The mournful, faraway look on Alice’s face had a profound effect on the Prince. ‘I shall talk with the Queen,’ he said after several moments. ‘I think we might establish a Commission of Inquiry into the matter and, in the meantime, arrange for an increase in food rations. How does that sound?’

‘It sounds like generosity rarely met with among the living,’ said the woman.

‘Well, no one here shall soon discover if it’s to be met with among the dead either, if I can help it.’

The orphans blinked and said nothing, hardly believing what they had heard: Queen Victoria and Prince Leopold were going to work on their behalf! The wardens offered the Prince their thanks many times over, while Alice looked on and smiled, which was all the thanks he desired.

On the walk home, they stopped to rest in the university’s Botanic Garden, where Alice found herself sitting on a bench with Leopold suddenly kneeling in front of her.

‘No matter what you decide, Alice,’ he was saying, ‘I want you to know that in the coming years I will be only too glad to assist you in your charitable endeavors. But I hope with all my heart that you’ll allow me to do so as your husband.’

Alice didn’t understand.

‘I’m asking for your hand in marriage,’ Leopold explained. ‘But . . . Your Highness, are you sure?’

‘That is not exactly the answer for which I was hoping. Alice, you are a most uncommon commoner, to say the least, and I would be proud to call myself your husband. Of course, you realize that you will not have the title of Princess, nor be entitled to ownership of the royal estates?’
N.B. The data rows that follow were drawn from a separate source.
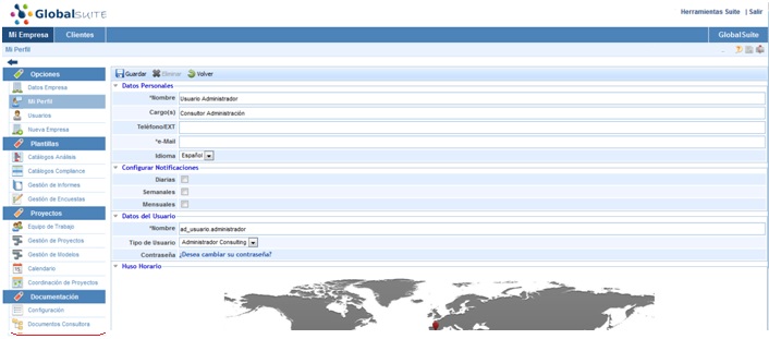 Language: It allows you to define the language of the platform. Currently, you can use GlobalSUITE in Spanish and English.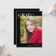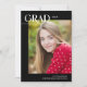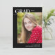Ce carte photo moderne de remise de diplômes présente une présentation éditoriale chic et une grande photo. Sur le devant, "Grad" est écrit en simple, tendance tous les casquettes en lettres en haut à gauche, avec l'année de graduation à droite. La conception typographique chevauche une grande photo verticale. En bas, ajoutez le nom et l'école du diplômé. La typographie est blanche contre un arrière - plan noir. Le verso de la carte de graduation comprend un modèle optionnel pour ajouter les détails de la fête de graduation.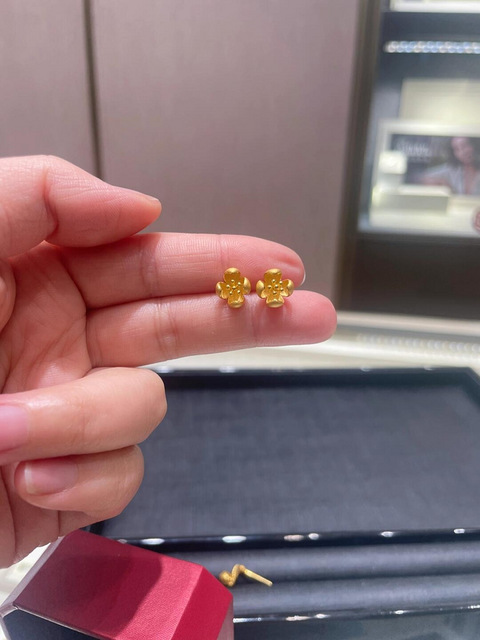 在网上种草了周大福山茶花黄金耳钉,这下终于拿下了!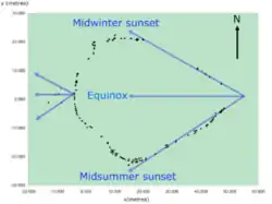 A series of stones, located to the west of the arrangement's western apex, mark the positions of the setting sun at the equinoxes and solstices.[10] A survey study shows that these alignments are accurate to within a few degrees. Additionally, the straight sides of the arrangement, which diverge from its eastern apex, also indicate the setting position of the sun at the solstices to within a few degrees. At the equinoxes, the sun sets over the three prominent stones at its apex.[3]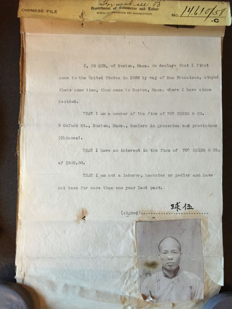 NARA上档案:“Case File for Ng Que”,ID=19086648,2图,加PDF。Ng Que是伍球,p1上有他签名。p2是Form 429,拒绝了他的申请。有意思的是Form 429上半部分是英文,下面是中文翻译,可以看看那个年代中文的表述,日期是1906年5月,所以还是大清,今天看来很有意思,有些还看不太懂,反要去看英文,比如:“汝所做来懇求進花旗此纸”,应该是说“你提交的入境美国申请”,又“但亦有批判”,不知何意,看对应的英文,似乎是“from this decision”;“officer in charge”翻译为巡差头。不过毛笔写的很有力道。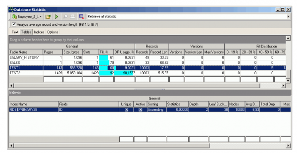 If you refer again to the Database Statistics you will see how large the memory difference now is: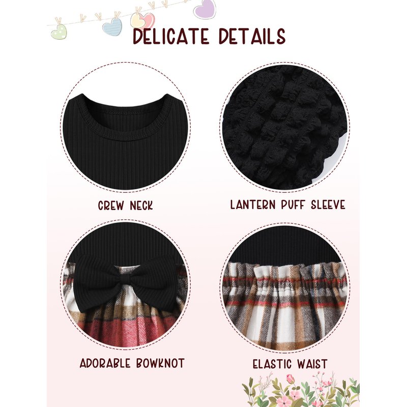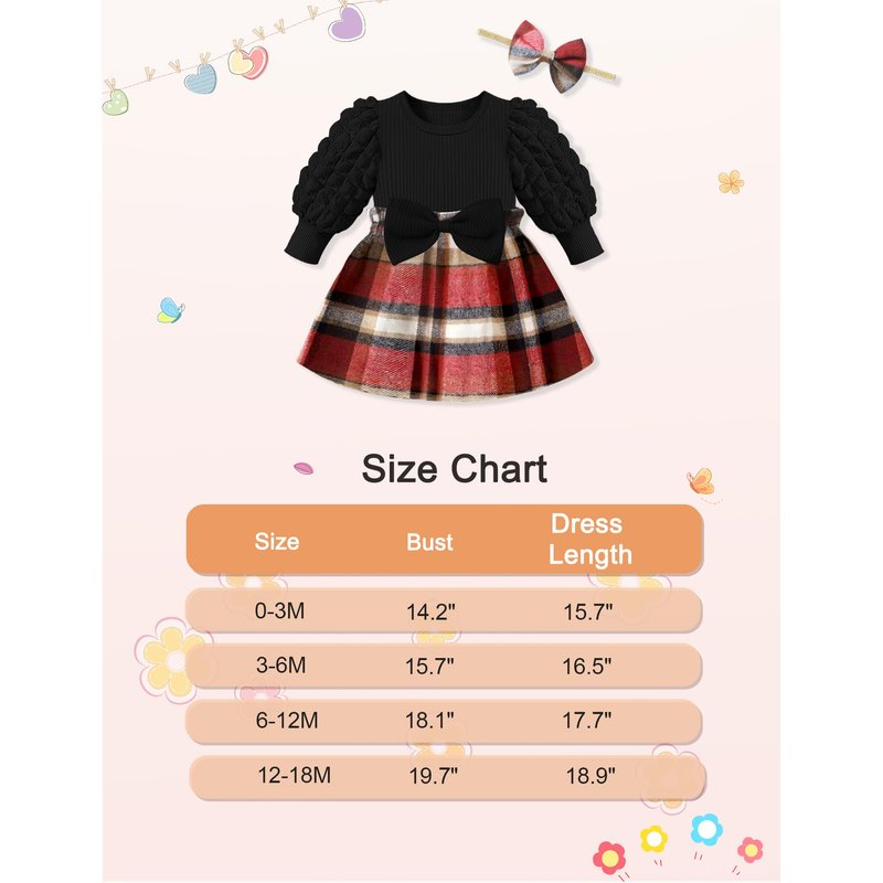 - 🎀🎀【Package Include】1* Baby Girl Puff Sleeve Plaid Dress + 1* Bowknot Headband. Baby girl long sleeve dress are perfect gifts for your daughter, granddaughter, niece. Your princess would like to show how beautiful her dress is!
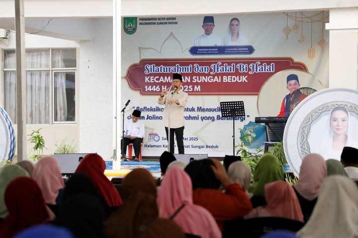 INIKEPRI.COM – Pererat Silaturahmi bersama masyarakat Kecamatan Sungai Beduk, Wali Kota Batam, Amsakar Achmad menghadiri Silaturahmi dan Halal bi Halal di Halaman Kantor Kecamatan Sungai Beduk, Sabtu, (3/5/2025).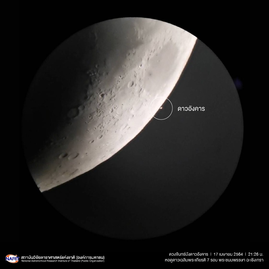 สถาบันวิจัยดาราศาสตร์แห่งชาติ (องค์การมหาชน) (สดร.) เปิดเผยภาพ "ดวงจันทร์บังดาวอังคาร" เมื่อคืนวันที่ 17 เมษายน 2564 ที่ผ่านมา โดยดาวอังคารเริ่มสัมผัสขอบดวงจันทร์ ในเวลาประมาณ 21.28 น. ซึ่งปรากฏการณ์ดังกล่าวหาชมได้ยากในไทย และเกิดขึ้นไม่บ่อยนัก ครั้งต่อไปที่สามารถสังเกตในไทย อีก 19 ปีข้างหน้า วันที่ 22 มีนาคม 2583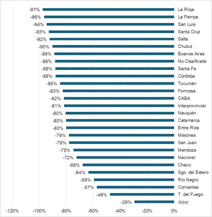 Todas las jurisdicciones experimentaron reducciones en términos reales, pero los porcentajes de variación muestran que algunas provincias lograron sortear mejor los efectos de la inflación que otras. Son los casos de Jujuy y Tierra del Fuego, que presentan caídas reales menores al promedio nacional (-29% y -48%, respectivamente), y que contrastan con los retrocesos superiores al 80% observados en provincias como Córdoba, Santa Fe o Buenos Aires.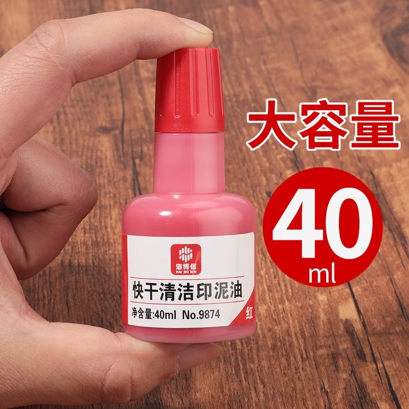 海博信快干印油红色大容量印泥油印章墨水黑色蓝色印台专用补充液大瓶按手印指纹财务会计办公用品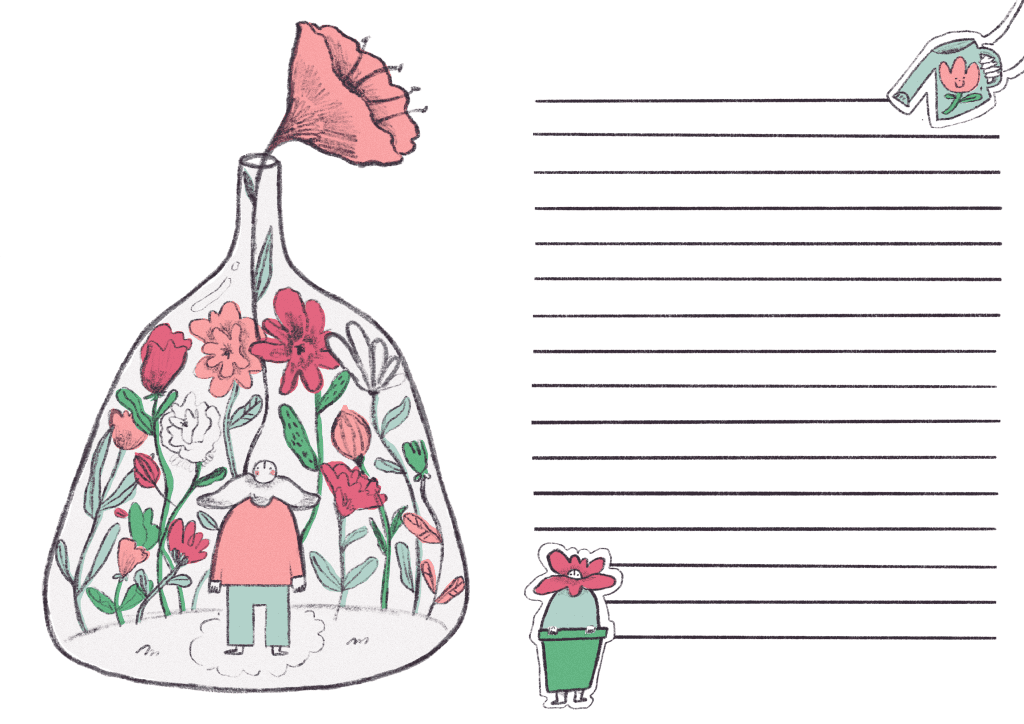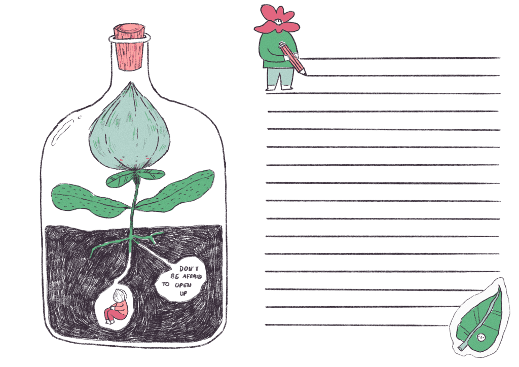 A journal/range of printed items catering to improving mental health and wellbeing that helps offer those who struggle with their mental health to find ways of handling it more positively. Focusing on mental health and community along with a botanical take to explore themes of internal growth and mindfulness.

‘Of course.’ Marriage? Again, she felt the tug of a long-buried affection for one who . . . No no no! Think of other things. Be realistic. The marriage would please her mother. She would do it for her mother, for her family’s sake. ‘I accept, Leopold.’

She let herself be kissed, feeling the coolness of dusk settle in around her.

‘I have already spoken with the Queen and I have asked for, and received, your father’s blessing,’ the Prince said. ‘We shall host a party to announce the engagement.’

If she’d had time to think about it, Alice might have stopped herself, considering the idea too whimsical. But the words had a force of their own, and only after she said them aloud did she realize just how appropriate the idea was.

‘Let’s have a masquerade.’

Yes, it felt right: a masquerade to celebrate the orphan girl’s impending marriage to Prince Leopold of Great Britain.